Berita sering dianggap sebagai cermin realitas. Namun, apakah benar teks berita hanya menyajikan fakta apa adanya? Jika dianalogikan dengan sebuah toko, barang dagangan utama lembaga jurnalistik adalah berita. Nasib perusahaan media ditentukan oleh kualitas beritanya (Barus, 2010). Jika beritanya “laku,” iklan akan masuk; jika tidak, media bisa bangkrut.
Pertanyaan kuncinya: apa sebenarnya yang dimaksud dengan berita? Dan lebih jauh, bagaimana cara berita dikonstruksi hingga bisa memengaruhi cara kita memandang realitas?
Hakikat Berita Menurut Pandangan Timur dan Barat
Untuk memahami berita sebagai laporan atas fakta, kita perlu melihat bagaimana berbagai tradisi pers memaknai istilah “berita.” Tidak semua bangsa atau sistem politik mendefinisikan berita dengan cara yang sama. Ada perbedaan tajam antara cara pandang pers di negara-negara Timur yang cenderung sosialis-komunis, di negara-negara Barat yang liberal-kapitalis, serta pemikiran tokoh pers Indonesia sendiri.
Perbedaan ini menunjukkan bahwa berita bukanlah sesuatu yang universal dan tunggal, melainkan konsep yang dipengaruhi oleh sistem sosial, politik, dan ideologi tempat media itu berada.
1. Pers Timur: Berita sebagai Alat Negara
Dalam tradisi Pers Timur yang berasaskan sosialis-komunis, berita bukanlah komoditas. Berita dipandang sebagai instrumen negara untuk mendidik rakyat dan menjaga stabilitas politik (Kusumaningrat & Kusumaningrat, 2012). Media di sini berfungsi sebagai perpanjangan tangan negara, bukan sebagai bisnis.
2. Pers Barat: Berita sebagai Komoditas
Berbeda dengan itu, Pers Barat memandang berita sebagai barang dagangan. Artinya, berita harus menarik agar “laku dijual.” Lord Northcliffe mendefinisikan berita sebagai “anything out of the ordinary.” Walkley menambahkan unsur kejutan: “combined with the element of surprise.” Maka, anjing menggigit manusia bukan berita, tetapi manusia menggigit anjing adalah berita.
Williard C. Bleyer menegaskan bahwa berita adalah kejadian aktual yang layak dimuat karena bernilai bagi pembaca.

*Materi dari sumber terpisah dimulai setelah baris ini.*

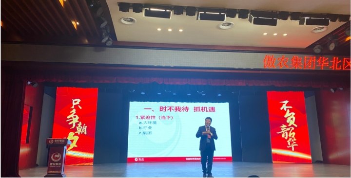 李海峰老師以“時不我待抓機(jī)遇,全力以赴興華北,初心未改創(chuàng)大業(yè)”為題,為傲農(nóng)飼料產(chǎn)業(yè)在華北地區(qū)的發(fā)展謀篇布局。他表示,當(dāng)下大環(huán)境十分友好,中國飼料行業(yè)在歷經(jīng)轉(zhuǎn)型后,迎來欣欣向榮的局面,傲農(nóng)事業(yè)也處于發(fā)展的“快車道”上,飼料產(chǎn)業(yè)在華北區(qū) “求發(fā)展”機(jī)遇無限,大有可為,大家要振奮信心,堅(jiān)定不移推進(jìn)各項(xiàng)業(yè)務(wù)。

3. Perspektif Indonesia: Jacob Oetama
Tokoh pers Indonesia, Jacob Oetama, menyatakan bahwa berita bukan fakta, melainkan laporan tentang fakta itu sendiri. Peristiwa menjadi berita hanya ketika dilaporkan wartawan dan masuk ke kesadaran publik. Artinya, berita adalah hasil rekonstruksi fakta, bukan fakta murni.
Berita Bukan Fakta, Melainkan Laporan atas Fakta
Teun A. van Dijk (1988b) membedakan dua jenis berita:
- Berita di media massa (cetak, elektronik, digital) → layak dianalisis karena bersifat publik.
- Berita antarindividu → misalnya kabar dari mulut ke mulut, yang lebih bersifat personal.
Dalam kajian ini, fokus kita adalah berita yang dipublikasikan media massa karena di situlah ideologi bekerja.
Dari berbagai definisi di atas, jelas bahwa berita selalu melibatkan interpretasi. Berita tidak pernah identik dengan peristiwa yang terjadi di lapangan. Ia adalah hasil rekonstruksi wartawan dan redaksi. Setiap tahap dalam proses jurnalistik melibatkan seleksi, penyusunan, dan pengemasan yang sarat perspektif dan ideologi.
- Perencanaan liputan
- Redaksi menentukan isu apa yang layak diliput.
- Keputusan ini dipengaruhi banyak faktor: nilai berita (news values), kepentingan publik, bahkan agenda politik atau bisnis media.
- Dari ratusan peristiwa setiap hari, hanya segelintir yang dipilih menjadi berita.
- Peliputan di lapangan
- Wartawan hadir di lokasi, memilih narasumber, dan mencatat peristiwa.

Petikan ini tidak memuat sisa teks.